## Provided records
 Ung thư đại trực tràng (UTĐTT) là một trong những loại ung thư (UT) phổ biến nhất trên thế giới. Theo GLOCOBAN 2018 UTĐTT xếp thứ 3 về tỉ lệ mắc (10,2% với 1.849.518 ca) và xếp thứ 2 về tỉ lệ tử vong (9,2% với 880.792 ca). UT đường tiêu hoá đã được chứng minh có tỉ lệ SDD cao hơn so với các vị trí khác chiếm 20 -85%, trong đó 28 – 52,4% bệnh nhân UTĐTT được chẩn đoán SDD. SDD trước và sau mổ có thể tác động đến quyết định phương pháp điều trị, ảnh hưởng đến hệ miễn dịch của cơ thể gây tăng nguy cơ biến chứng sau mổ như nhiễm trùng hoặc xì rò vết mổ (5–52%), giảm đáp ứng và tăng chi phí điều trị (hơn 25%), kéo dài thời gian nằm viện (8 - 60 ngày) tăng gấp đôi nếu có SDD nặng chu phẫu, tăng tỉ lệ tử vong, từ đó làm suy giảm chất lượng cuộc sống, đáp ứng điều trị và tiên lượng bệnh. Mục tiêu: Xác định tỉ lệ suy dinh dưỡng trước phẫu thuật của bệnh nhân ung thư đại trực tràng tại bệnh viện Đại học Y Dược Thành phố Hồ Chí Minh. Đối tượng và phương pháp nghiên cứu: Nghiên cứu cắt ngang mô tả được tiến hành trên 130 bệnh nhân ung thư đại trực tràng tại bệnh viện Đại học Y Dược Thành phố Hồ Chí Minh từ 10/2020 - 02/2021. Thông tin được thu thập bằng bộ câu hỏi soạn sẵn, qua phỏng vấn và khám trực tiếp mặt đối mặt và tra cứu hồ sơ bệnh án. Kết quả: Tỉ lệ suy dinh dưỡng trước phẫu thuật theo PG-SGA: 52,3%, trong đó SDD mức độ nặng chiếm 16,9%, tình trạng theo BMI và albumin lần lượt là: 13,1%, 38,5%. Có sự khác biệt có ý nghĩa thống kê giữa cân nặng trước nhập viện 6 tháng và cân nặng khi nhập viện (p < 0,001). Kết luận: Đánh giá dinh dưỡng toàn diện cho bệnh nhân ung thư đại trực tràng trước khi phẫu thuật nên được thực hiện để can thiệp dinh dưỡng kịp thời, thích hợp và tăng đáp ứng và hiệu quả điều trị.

==

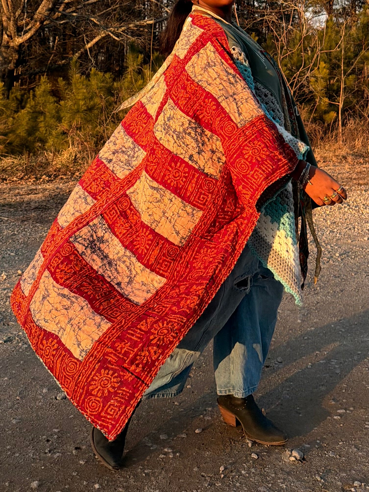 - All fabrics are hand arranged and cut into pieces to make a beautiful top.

==

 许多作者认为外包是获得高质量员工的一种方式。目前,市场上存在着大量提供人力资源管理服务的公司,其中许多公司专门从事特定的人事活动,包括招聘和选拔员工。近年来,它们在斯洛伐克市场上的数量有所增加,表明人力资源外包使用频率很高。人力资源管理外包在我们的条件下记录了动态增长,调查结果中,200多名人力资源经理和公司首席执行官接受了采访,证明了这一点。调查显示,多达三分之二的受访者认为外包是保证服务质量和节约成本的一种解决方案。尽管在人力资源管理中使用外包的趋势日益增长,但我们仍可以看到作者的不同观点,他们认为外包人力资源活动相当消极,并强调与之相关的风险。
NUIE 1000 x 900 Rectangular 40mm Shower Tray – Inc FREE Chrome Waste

## Exercise prompt
Could you write out, exactly as they stand, only the lines above that begin at the line with "许多作者认为外包是获得高质量" and stop after the line with "NUIE 1000 x"?

## Task result
 许多作者认为外包是获得高质量员工的一种方式。目前,市场上存在着大量提供人力资源管理服务的公司,其中许多公司专门从事特定的人事活动,包括招聘和选拔员工。近年来,它们在斯洛伐克市场上的数量有所增加,表明人力资源外包使用频率很高。人力资源管理外包在我们的条件下记录了动态增长,调查结果中,200多名人力资源经理和公司首席执行官接受了采访,证明了这一点。调查显示,多达三分之二的受访者认为外包是保证服务质量和节约成本的一种解决方案。尽管在人力资源管理中使用外包的趋势日益增长,但我们仍可以看到作者的不同观点,他们认为外包人力资源活动相当消极,并强调与之相关的风险。
NUIE 1000 x 900 Rectangular 40mm Shower Tray – Inc FREE Chrome Waste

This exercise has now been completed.